Here is an example: - load a data set on swimming pools in Brisbane - column names in the first row; a comma to separate values within rows

path.pools <- file.path(path, "swimming_pools.csv")
pools <- read.csv(path.pools)
str(pools)
#> 'data.frame':    20 obs. of  4 variables:
#>  $ Name     : chr  "Acacia Ridge Leisure Centre" "Bellbowrie Pool" "Carole Park" "Centenary Pool (inner City)" ...
#>  $ Address  : chr  "1391 Beaudesert Road, Acacia Ridge" "Sugarwood Street, Bellbowrie" "Cnr Boundary Road and Waterford Road Wacol" "400 Gregory Terrace, Spring Hill" ...
#>  $ Latitude : num  -27.6 -27.6 -27.6 -27.5 -27.4 ...
#>  $ Longitude: num  153 153 153 153 153 ...

Import .xlsx file

The package to read excel data into R is readxl:

  • No external dependencies, easy to download
  • Desgined to work with tabular data
library(readxl)
path.urbanpop <- file.path(path, "urbanpop.xlsx")
excel_sheets(path.urbanpop) # list sheet names with excel_sheets()
#> [1] "1960-1966" "1967-1974" "1975-2011"

Specify a worksheet by name or number, e.g.

pop_1 <- read_excel(path.urbanpop, sheet = 1)
pop_2 <- read_excel(path.urbanpop, sheet = 2)

inspect and re-combine

str(pop_1)
#> tibble [209 × 8] (S3: tbl_df/tbl/data.frame)
#>  $ country: chr [1:209] "Afghanistan" "Albania" "Algeria" "American Samoa" ...
#>  $ 1960   : num [1:209] 769308 494443 3293999 NA NA ...
#>  $ 1961   : num [1:209] 814923 511803 3515148 13660 8724 ...
#>  $ 1962   : num [1:209] 858522 529439 3739963 14166 9700 ...
#>  $ 1963   : num [1:209] 903914 547377 3973289 14759 10748 ...
#>  $ 1964   : num [1:209] 951226 565572 4220987 15396 11866 ...
#>  $ 1965   : num [1:209] 1000582 583983 4488176 16045 13053 ...
#>  $ 1966   : num [1:209] 1058743 602512 4649105 16693 14217 ...
pop_list <- list(pop_1, pop_2)

Import other data formats

The haven package enables R to read and write various data formats used by other statistical packages.

It supports:

  • SAS: read_sas() reads .sas7bdat and .sas7bcat files and read_xpt() reads SAS transport files. write_sas() writes .sas7bdat files.
  • SPSS: read_sav() reads .sav files and read_por() reads the older .por files. write_sav() writes .sav files.
  • Stata: read_dta() reads .dta files. write_dta() writes .dta files.

0.1 Create and format dates

To create a Date object from a simple character string in R, you can use the as.Date() function.
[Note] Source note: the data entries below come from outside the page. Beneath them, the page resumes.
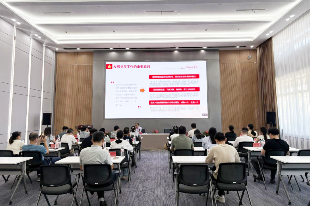 隨后,參訓人員來到我院新大樓,在參觀了院史展廳和黨建活動室之后,于一樓報告廳開展黨員發(fā)展實務專題培訓。本次培訓邀請到市水務設施運行管理中心支部委員趙治山,圍繞黨員發(fā)展工作的全流程、各環(huán)節(jié)進行了系統(tǒng)講解,重點對發(fā)展黨員工作中的標準要求、文書規(guī)范和常見問題作了詳細說明。培訓內(nèi)容緊密結(jié)合工作實際,針對性強,有效提升了參訓人員的實務操作能力。與會黨務干部認真聆聽了培訓內(nèi)容,并就實際工作中遇到的問題相互進行了交流探討。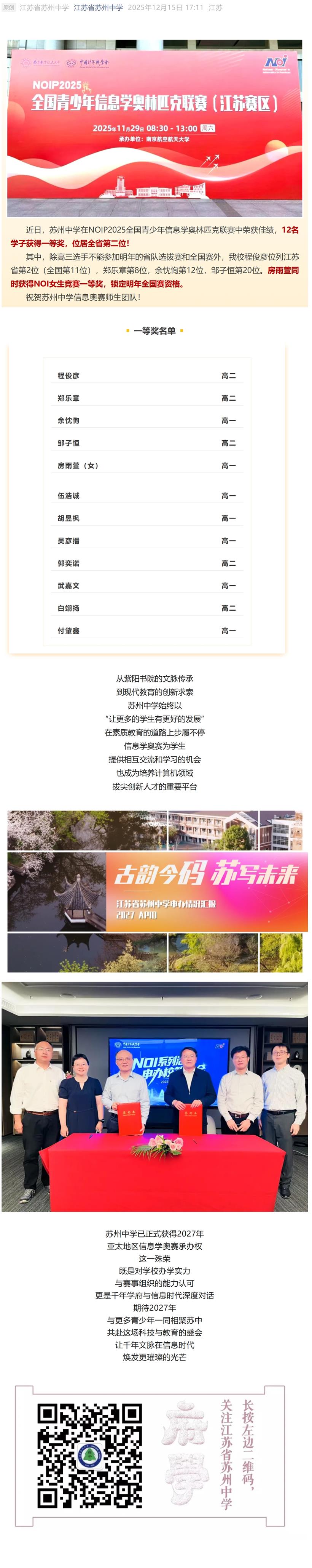 苏州中学12 人荣获 NOIP 一等奖,全省第二!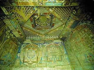 我们当即请她带路,驱车前往东嘎。在距离村子不远处的一座“U”字形的山崖上,分布着一字排开的十多座大小不等的洞窟。登上山 去,果然在其中的三座洞窟(后来分别编号为东嘎第一、二、三号窟)内发现了保存得十分完好的壁画。其后,在与东嘎相距约2公里的皮央,也发现了多座残存有 壁画的石窟。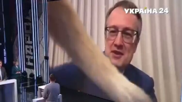 Кот заместителя министра внутренних дел Антона Геращенко чуть не сорвал его выступление в прямом эфире. Курьезный инцидент произошел во время программы "Народ против". Когда Геращенко по видеосвязи вышел в эфир, его кот показал свой хвост в кадре, мешая при этом замглаве МВД выступать.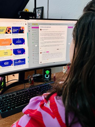 A escolha pela carreira, no entanto, não foi planejada. “Eu nunca pensei em ser professora. Foi algo que aconteceu por acaso, mas eu sempre gostei muito de inglês”, relembra Elysa. Durante a graduação, ela percebeu que o ambiente da sala de aula tradicional não atendia às suas expectativas. A experiência não a agradava e ela sentia a falta de valorização da profissão no mercado. Mesmo assim, já dava algumas aulas particulares e começou a enxergar nessa prática uma oportunidade de trilhar um caminho diferente, mais alinhado às suas aspirações.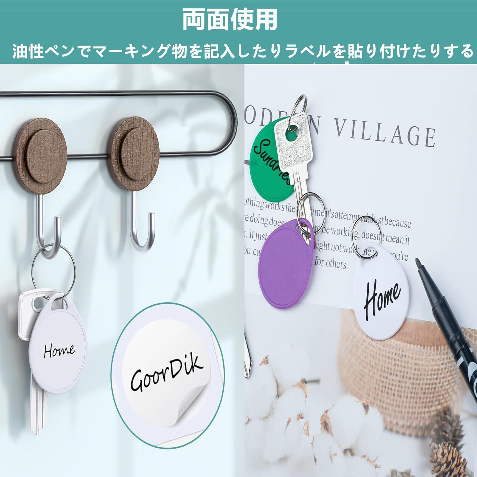 【クイック識別】マーキング物品を油性ペンで記入したり,キーホルダーの空白の円形中央領域にラベルを貼り付けることができます(商品には含まれません)。鍵 タグの両面には書くことができ、7色(赤、オレンジ、黄、緑、青、紫、白、)をすばやく分類し、混合を防ぐことができます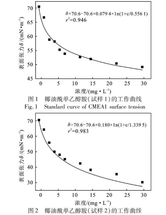 選擇2個不同批次的椰油酰單乙醇胺試樣按照工作曲線的繪制方法繪制表面張力工作曲線。通過測定不同濃度的椰油酰單乙醇胺溶液的表面張力,制作濃度和表面張力的c-8的散點圖,再根據希斯科夫斯基經驗公式利用Origin軟件做c-8散點圖的擬合曲線,得到該公式的相關參數,得出擬合公式及工作曲線。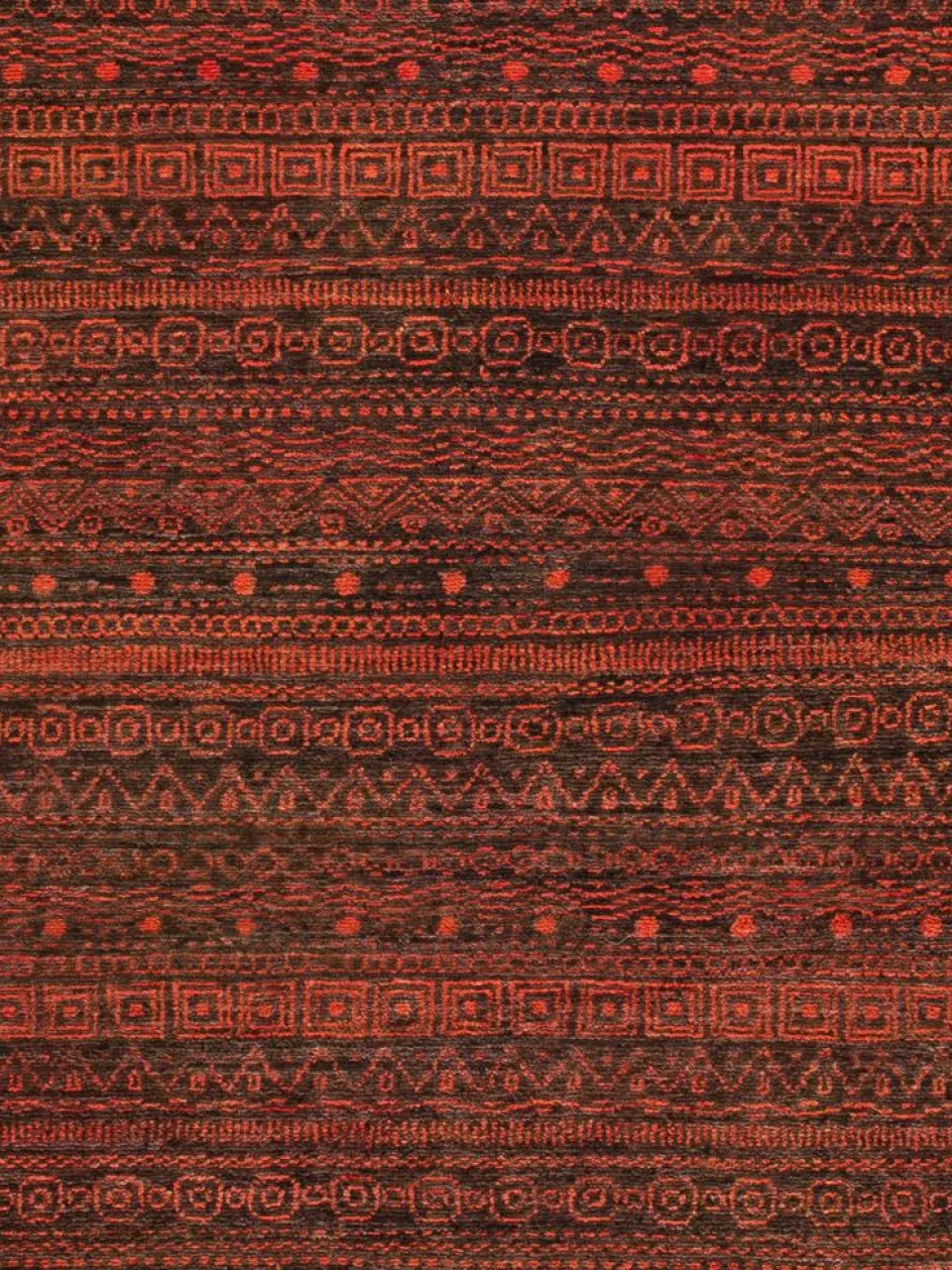 ist eine ungewöhnliche moderne Variation des traditionellen persichen Gabbehs. Er ist kürzer im Flor und feiner geknüpft. Es gibt zahllose Neukreationen in individuellen und einzigartigen Farben und Mustern.| Gesamthöhe: | ca. 9 mm |

The character string has to obey a format that can be defined using a set of symbols (the examples correspond to 13 January, 1982):

%Y: 4-digit year (1982) %y: 2-digit year (82) %m: 2-digit month (01) %d: 2-digit day of the month (13) %A: weekday (Wednesday) %a: abbreviated weekday (Wed) %B: month (January) %b: abbreviated month (Jan)

Exercise 5

Load the following data sets, available in the course material: - the Danish fire insurance losses, stored in danish.txt - the severity data set, stored in severity.sas7bdat.